At 05:45 ET (10:45 GMT), Brent Oil Futures expiring in January fell 0.9% to $64.30 per barrel and West Texas Intermediate (WTI) crude futures dropped 0.9% to $60.13 per barrel.
Both contracts jumped more than 1% on Tuesday.
US crude stocks rise sharply - API
Data from the American Petroleum Institute (API) showed U.S. crude stocks rose by 4.4 million barrels in the week ended Nov. 18, more than three times the prior week’s build of 1.3 million barrels. Gasoline inventories climbed by 1.55 million barrels and distillate inventories increased by 577,000 barrels.
The inventory rise came as broader supply forecasts point to a potential overhang in early 2026. Producers have kept output elevated, while global agencies have warned that demand growth may not be strong enough to absorb available supply.
"Overall, the report was relatively bearish. However, the market will be more focused on the release of the widely followed US Energy Information Administration (EIA) inventory numbers later today," ING analysts said in a note.
U.S. sanctions against Russia loom
At the same time, markets are focused on U.S. sanctions targeting Russian oil companies Rosneft and Lukoil, which are set to take effect on Nov. 21.

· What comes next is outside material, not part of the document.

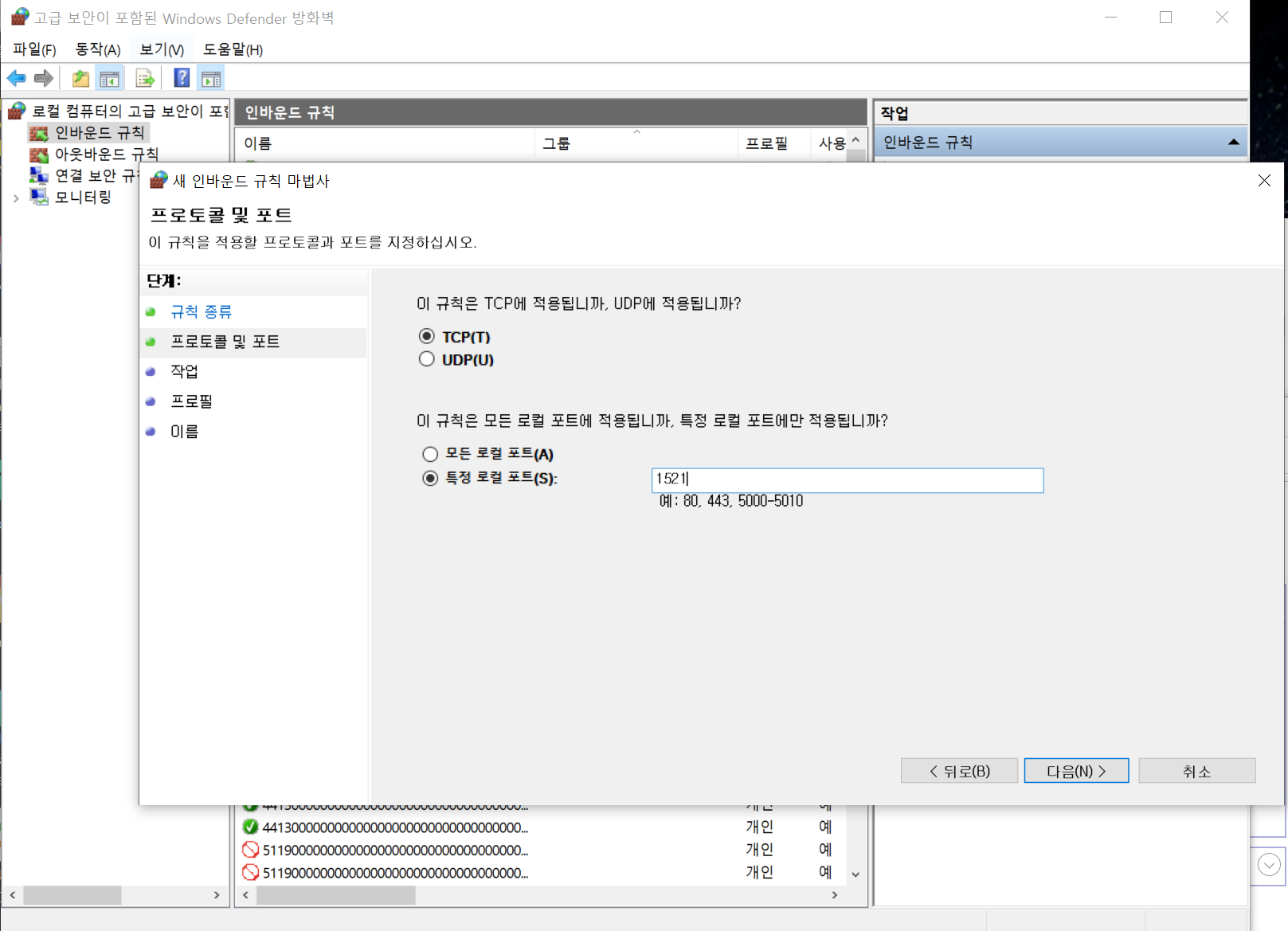 → 인바운드규칙 → 새규칙 → 포트 클릭 → 특정 로컬 포트 : 1521 입력 → 완료

The measures will restrict access to U.S.-dollar financing and limit transactions with the firms.
"Market participants appear more concerned about supply risks than the odds of a surplus going forward," ING analysts said.

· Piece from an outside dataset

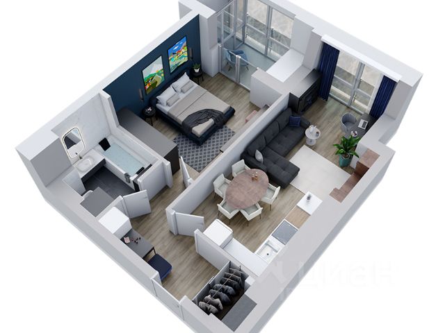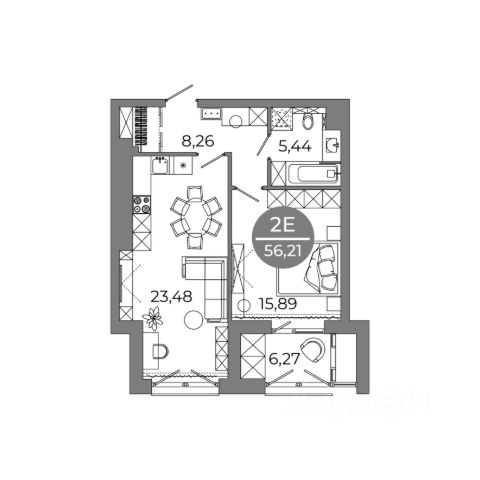 Эта квартира в полной мере отражает современный формат смарт-планировки. Главная спальня дополнена отдельными гардеробной и душевой. Габариты каждого помещения выверены до сантиметра для максимально логичной расстановки мебели. Собственная терраса отлично дополнит функционал жилья.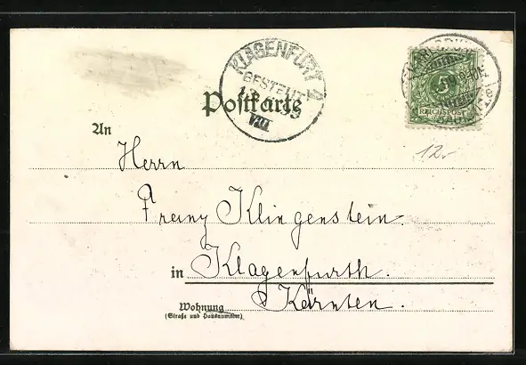 Personenbezogene Daten auf der Rückseite der Karte wurden durch blauen Textmarker unkenntlich gemacht. Die blauen Stellen sind auf die Vorderseite durchgeweicht und wirken sich negativ auf das Postkartenfoto aus

"Worries over Russian diesel supply amid sanctions and Ukrainian attacks on Russian refineries are driving the market’s strength," they added, referring to Tuesday’s gains.
Meanwhile, an Axios report, citing U.S. and Russian officials, stated that the Trump administration has been quietly coordinating with Moscow to develop a new proposal aimed at ending the war in Ukraine.
A potential deal could reshape global supply expectations and sanctions policy, potentially lowering the geopolitical risk premium and pushing oil prices down.